What are the indicators of climate change?4 answersIndicators of climate change include emissions of greenhouse gases and short-lived climate forcers, greenhouse gas concentrations, radiative forcing, surface temperature changes, the Earth's energy imbalance, warming attributed to human activities, the remaining carbon budget, and estimates of global temperature extremes. Additionally, weather and climate extreme indicators, such as annual maximum temperature and number of hot days, can be used to assess the frequency, duration, magnitude, and spatial extent of extreme events. Algae can also serve as biological indicators for changing climate due to their sensitivity and ability to accumulate pollutants. In the context of soil monitoring, indicators such as salinity, alkalinity, fertility, phytotoxicity, erosion, biodiversity, and organic carbon can be used to assess the state of Mediterranean rainfed soils and their adaptation to climate change.
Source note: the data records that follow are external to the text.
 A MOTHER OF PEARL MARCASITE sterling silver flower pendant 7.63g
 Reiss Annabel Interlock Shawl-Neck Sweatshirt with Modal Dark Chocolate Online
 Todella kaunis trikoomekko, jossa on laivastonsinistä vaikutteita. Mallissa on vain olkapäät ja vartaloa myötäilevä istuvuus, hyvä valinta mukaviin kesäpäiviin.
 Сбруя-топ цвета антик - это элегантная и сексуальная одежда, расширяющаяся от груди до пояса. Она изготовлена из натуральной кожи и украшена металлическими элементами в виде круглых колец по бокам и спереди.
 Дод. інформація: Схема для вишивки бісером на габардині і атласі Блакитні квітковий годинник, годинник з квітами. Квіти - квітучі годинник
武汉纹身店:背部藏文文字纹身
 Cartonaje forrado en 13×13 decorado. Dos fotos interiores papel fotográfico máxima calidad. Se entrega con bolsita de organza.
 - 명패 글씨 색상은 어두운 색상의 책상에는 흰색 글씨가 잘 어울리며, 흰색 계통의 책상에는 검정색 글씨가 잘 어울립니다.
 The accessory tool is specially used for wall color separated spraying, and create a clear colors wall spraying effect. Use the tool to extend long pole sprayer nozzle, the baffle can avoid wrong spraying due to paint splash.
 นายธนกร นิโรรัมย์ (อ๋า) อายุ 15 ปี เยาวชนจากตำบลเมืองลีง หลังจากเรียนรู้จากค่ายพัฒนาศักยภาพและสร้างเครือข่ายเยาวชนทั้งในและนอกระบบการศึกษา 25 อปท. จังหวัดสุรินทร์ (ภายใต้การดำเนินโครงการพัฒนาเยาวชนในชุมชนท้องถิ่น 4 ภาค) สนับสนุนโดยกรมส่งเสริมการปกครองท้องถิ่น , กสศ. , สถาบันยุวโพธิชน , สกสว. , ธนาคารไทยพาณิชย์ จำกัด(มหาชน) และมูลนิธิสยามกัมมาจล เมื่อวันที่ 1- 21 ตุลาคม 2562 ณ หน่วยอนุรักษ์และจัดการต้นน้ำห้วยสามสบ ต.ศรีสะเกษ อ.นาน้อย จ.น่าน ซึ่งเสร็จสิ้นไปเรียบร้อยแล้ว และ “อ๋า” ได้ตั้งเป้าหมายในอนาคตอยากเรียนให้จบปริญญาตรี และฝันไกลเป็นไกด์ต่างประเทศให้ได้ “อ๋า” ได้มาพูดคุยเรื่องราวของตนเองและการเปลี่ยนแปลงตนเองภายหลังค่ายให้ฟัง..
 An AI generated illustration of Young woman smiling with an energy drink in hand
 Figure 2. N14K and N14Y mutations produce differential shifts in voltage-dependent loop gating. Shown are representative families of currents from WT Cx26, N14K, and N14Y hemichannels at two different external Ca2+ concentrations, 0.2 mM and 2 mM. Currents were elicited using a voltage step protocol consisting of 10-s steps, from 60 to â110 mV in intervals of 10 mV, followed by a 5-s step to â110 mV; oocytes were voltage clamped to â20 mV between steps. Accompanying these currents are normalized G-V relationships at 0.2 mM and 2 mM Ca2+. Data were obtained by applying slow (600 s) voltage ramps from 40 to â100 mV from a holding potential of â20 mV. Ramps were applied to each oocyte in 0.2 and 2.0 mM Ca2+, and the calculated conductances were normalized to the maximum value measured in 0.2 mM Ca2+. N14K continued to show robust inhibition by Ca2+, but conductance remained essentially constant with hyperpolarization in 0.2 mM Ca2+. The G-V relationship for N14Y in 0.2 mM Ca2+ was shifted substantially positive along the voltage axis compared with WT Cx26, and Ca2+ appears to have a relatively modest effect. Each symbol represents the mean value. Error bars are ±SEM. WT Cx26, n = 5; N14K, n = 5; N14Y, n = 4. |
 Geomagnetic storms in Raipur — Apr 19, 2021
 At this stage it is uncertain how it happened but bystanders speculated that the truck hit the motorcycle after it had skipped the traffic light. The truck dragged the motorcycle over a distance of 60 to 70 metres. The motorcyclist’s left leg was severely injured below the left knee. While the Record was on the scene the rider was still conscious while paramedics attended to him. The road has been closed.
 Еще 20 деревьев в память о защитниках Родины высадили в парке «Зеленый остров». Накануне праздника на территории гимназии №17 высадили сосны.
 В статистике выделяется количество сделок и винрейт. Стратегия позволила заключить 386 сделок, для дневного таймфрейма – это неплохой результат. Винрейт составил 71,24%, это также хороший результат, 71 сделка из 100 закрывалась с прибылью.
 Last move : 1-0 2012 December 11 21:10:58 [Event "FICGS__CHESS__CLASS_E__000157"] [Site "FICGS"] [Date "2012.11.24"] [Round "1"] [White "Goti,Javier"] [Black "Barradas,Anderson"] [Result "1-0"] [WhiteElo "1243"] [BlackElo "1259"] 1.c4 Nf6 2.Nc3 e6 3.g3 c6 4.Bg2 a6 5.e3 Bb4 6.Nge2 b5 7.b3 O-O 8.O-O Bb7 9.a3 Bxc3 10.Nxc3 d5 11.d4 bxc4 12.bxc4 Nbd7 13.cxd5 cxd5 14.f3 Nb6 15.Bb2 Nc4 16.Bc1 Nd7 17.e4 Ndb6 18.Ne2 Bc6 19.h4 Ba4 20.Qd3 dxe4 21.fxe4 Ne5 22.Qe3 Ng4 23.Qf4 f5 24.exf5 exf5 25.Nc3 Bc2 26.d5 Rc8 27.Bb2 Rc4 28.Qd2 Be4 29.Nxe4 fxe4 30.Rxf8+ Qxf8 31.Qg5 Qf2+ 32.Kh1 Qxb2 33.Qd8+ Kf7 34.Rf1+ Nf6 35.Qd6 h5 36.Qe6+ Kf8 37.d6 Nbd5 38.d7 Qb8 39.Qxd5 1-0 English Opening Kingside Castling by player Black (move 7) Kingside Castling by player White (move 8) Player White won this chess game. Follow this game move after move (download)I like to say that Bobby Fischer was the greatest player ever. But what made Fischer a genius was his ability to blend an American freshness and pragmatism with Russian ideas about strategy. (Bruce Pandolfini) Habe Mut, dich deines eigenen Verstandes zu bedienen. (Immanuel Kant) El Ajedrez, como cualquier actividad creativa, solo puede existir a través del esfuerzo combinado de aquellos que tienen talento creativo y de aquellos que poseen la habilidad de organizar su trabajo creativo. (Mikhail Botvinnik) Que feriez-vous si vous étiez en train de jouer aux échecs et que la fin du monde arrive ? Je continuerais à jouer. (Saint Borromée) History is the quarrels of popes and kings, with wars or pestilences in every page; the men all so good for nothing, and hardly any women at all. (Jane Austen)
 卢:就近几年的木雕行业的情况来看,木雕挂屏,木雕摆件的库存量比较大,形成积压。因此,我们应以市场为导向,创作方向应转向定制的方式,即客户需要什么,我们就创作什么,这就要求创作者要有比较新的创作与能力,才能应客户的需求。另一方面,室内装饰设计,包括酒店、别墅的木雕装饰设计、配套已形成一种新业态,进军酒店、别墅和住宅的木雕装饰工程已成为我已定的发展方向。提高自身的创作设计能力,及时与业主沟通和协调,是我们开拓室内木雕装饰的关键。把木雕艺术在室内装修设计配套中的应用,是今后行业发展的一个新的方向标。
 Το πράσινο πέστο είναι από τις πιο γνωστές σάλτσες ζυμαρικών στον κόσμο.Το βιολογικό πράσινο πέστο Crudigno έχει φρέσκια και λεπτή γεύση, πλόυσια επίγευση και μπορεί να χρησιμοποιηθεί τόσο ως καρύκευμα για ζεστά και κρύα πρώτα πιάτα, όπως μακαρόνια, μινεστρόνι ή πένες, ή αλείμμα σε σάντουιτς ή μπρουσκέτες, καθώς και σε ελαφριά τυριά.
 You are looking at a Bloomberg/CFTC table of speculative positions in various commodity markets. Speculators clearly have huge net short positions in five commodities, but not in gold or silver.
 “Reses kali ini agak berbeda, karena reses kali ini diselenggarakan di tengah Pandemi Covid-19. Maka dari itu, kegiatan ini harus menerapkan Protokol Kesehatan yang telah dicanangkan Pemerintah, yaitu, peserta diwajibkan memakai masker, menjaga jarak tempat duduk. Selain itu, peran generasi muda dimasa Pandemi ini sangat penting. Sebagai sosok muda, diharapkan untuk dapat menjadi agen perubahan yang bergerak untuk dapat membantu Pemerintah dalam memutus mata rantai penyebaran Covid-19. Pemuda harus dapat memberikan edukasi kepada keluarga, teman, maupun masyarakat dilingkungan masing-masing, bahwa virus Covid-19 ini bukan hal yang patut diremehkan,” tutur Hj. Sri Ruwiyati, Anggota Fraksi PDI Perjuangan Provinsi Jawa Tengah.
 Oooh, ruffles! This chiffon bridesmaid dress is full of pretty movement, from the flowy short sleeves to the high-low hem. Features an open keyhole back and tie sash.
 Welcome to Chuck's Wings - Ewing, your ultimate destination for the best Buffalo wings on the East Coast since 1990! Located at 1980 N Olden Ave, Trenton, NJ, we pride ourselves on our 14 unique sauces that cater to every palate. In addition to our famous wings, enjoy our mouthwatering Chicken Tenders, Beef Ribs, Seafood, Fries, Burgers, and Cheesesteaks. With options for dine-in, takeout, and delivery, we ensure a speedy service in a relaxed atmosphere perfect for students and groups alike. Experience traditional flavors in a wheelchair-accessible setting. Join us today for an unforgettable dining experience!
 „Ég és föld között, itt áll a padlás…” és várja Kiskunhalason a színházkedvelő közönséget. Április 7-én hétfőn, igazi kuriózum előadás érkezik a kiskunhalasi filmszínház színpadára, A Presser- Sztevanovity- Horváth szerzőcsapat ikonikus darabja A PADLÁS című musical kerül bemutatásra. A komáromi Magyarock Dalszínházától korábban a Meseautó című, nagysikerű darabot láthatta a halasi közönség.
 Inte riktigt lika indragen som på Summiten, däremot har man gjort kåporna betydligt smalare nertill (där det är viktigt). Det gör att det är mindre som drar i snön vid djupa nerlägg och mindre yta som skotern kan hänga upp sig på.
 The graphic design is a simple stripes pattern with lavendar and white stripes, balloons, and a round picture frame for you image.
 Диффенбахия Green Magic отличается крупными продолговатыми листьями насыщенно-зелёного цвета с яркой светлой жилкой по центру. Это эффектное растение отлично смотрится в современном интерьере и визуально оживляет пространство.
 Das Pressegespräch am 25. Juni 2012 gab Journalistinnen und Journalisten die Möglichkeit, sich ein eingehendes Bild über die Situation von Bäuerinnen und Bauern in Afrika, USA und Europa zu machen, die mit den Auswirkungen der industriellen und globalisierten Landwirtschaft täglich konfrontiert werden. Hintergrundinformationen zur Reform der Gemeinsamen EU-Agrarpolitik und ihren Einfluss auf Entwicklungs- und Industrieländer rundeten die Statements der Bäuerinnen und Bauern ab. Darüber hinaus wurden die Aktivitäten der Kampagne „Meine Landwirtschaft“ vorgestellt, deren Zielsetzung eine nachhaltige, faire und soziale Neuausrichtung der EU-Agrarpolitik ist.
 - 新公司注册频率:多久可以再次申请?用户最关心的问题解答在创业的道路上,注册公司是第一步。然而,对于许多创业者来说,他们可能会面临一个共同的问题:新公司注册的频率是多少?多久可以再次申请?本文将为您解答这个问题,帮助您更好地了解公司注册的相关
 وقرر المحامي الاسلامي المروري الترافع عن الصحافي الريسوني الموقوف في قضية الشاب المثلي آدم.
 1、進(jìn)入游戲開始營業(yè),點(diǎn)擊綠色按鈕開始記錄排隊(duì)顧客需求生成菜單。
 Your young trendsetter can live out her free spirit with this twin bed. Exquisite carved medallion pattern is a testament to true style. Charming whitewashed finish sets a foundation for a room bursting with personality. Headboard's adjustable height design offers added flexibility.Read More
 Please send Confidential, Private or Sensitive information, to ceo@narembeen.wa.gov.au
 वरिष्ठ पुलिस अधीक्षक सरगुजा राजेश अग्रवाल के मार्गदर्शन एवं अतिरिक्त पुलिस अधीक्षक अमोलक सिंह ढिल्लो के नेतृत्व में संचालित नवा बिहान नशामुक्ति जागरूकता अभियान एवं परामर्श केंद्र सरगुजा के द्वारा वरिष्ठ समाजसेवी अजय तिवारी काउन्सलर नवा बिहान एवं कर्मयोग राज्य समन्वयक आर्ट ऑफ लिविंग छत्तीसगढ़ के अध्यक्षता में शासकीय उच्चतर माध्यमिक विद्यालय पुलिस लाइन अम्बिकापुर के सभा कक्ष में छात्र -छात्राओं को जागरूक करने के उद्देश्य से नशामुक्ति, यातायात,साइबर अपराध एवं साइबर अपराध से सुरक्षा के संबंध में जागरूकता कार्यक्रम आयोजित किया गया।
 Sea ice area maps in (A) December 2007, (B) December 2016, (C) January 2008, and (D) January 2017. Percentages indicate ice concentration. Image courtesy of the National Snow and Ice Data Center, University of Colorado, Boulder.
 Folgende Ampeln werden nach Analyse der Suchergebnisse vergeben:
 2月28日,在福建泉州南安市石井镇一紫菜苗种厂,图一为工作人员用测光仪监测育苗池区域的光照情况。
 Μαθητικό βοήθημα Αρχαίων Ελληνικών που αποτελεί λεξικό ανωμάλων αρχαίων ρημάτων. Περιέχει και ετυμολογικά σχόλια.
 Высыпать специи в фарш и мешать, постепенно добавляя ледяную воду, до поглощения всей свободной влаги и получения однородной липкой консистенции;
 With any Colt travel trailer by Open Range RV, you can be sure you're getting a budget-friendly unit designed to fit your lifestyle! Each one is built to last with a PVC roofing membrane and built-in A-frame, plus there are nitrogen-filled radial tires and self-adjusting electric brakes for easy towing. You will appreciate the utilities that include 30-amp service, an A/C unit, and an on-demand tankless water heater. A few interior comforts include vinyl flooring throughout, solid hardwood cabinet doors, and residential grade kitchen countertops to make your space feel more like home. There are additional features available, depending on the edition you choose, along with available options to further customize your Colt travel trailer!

How fast biocrusts lichens mosses activity changes depending on water availablity and light availability?5 answersBiocrusts, including lichens and mosses, show changes in activity depending on water availability and light availability. The reactivation of photosynthetic activity in lichens and mosses after dry periods is influenced by the duration of drought. Water availability plays a vital role in the carbon balance of biocrusts, with higher water additions leading to carbon fixation, especially in moss-dominated crusts. The activity of lichens is evident over a longer period in locations with higher light availability and meltwater availability. Biocrusts have a higher soil water holding capacity and water availability compared to bare soil, with the effects being stronger on aeolian sand than on loess soil. Different species of lichens in the Arctic have different water availabilities due to their substrates and morphological characteristics, affecting their photosynthetic activity periods.